Prove that if f(x) is integrable, then so is e^(f(x)).

Question

So here is my question:

I'm working on a homework problem that deals with Jensen's Inequality. It is a rather simple application, I believe, but I'm a little stuck. Here is the problem, along with my work.

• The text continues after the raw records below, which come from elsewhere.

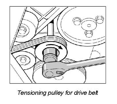 1. Slacken the drive belt. To do this, turn the tensioning roller clockwise using a ring wrench (a/f 24), remove the drive belt, check for damage and wear and replace if necessary.
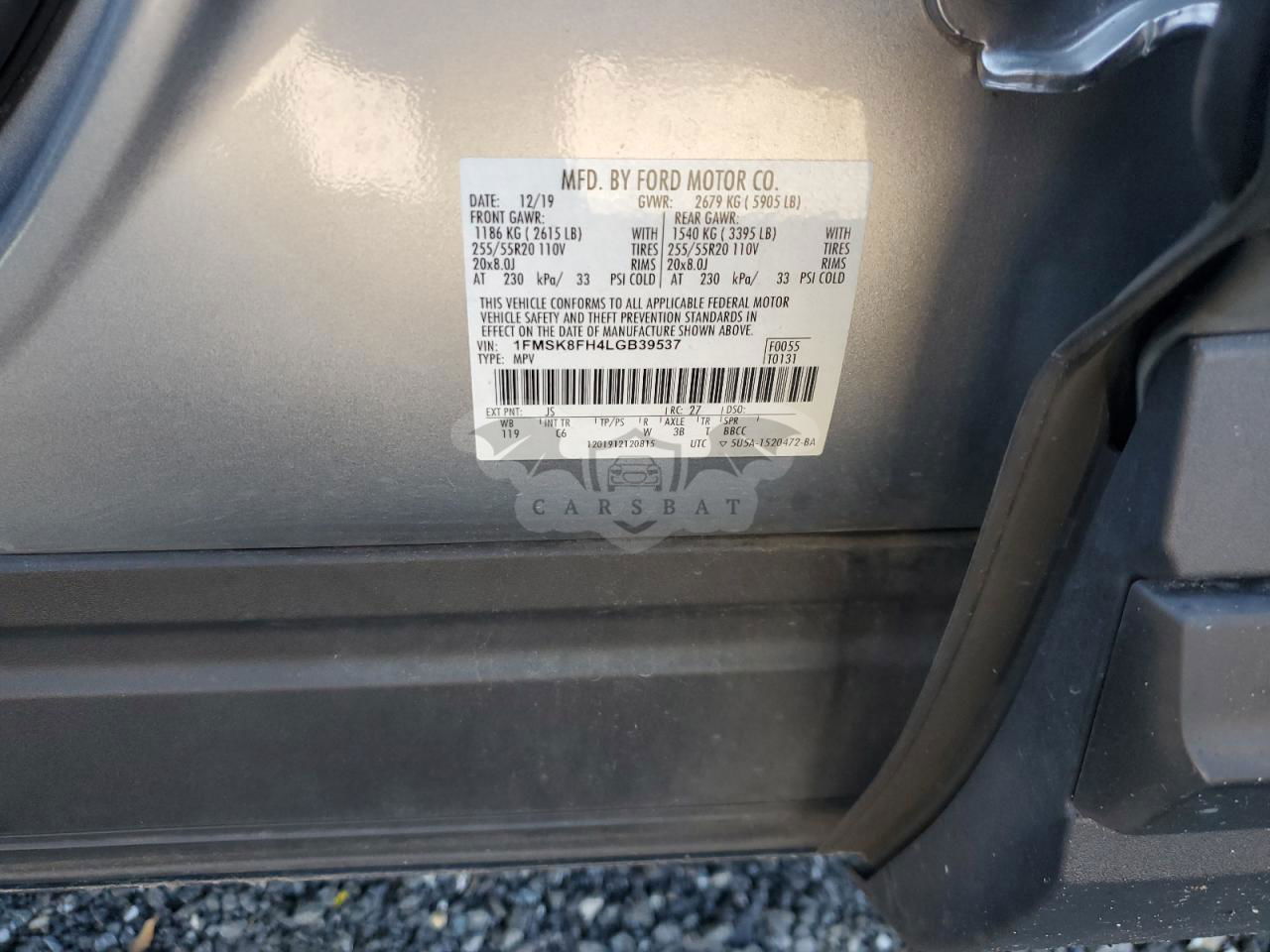 • VIN: 1FMSK8FH4LGB39537
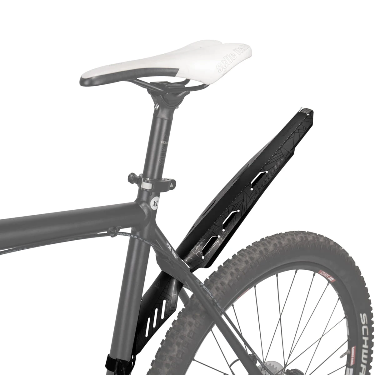 Modderbeschermer van Topeak in een modern ontwerp. Deze flap is stevig bevestigd aan de achterkant van de zadelpen via een klittenband band om te beschermen tegen opspattend vuil van het achterwiel.

Let $f$ be integrable over $[0,1]$. Show that

$\exp\left[\int_0^1 f(x) dx \right] \leq \int_0^1\exp[f(x)]dx$

On the surface, this appeared like a simple application of Jensen's Inequality, since $\phi (x) = e^x$ is convex on $\mathbb{R}$. We know that $f$ is integrable, but it remains to show that $\exp[f(x)]$ is integrable. I know that the composition ($\exp[f(x)]$) is measureable, but I don't feel like that is enough to conclude that it is integrable.

Answer 1

There is no way you can prove $e^{f(x)}$ is integrable just because $f(x)$ is. But it is OK, because if $e^{f(x)}$ is not integrable, then the right hand side is infinite, and the statement is obviously true.

To find a counterexample, look for functions of the form $$ f(x) = 2^{\alpha k} \text{ if $x \in (2^{-k+1},2^{-k}]$} .$$ If $0 \le \alpha < 1$, then this is easily seen to be integrable.

Answer 2

$\exp(f(x))$ is a nonnegative measurable function, so the worst thing that could happen is that the integral is $+\infty$. And this is indeed possible: Let $f(x)=n$ if $\frac 1{n}-\frac1{n^3}<x<\frac1n$ with $n>1$ (and $0$ otherwise). Then $$\int_0^1 f(x)\,\mathrm dx = \sum_{n=2}^\infty \frac1{n^2}=\frac{\pi^2}6-1$$ whereas $$ \int_0^1 \exp{f(x)}\,\mathrm dx = \sum_{n=2}^\infty \frac{e^n}{n^3}$$ is infinite ($e^n>n^3$ for $n$ suficiently big).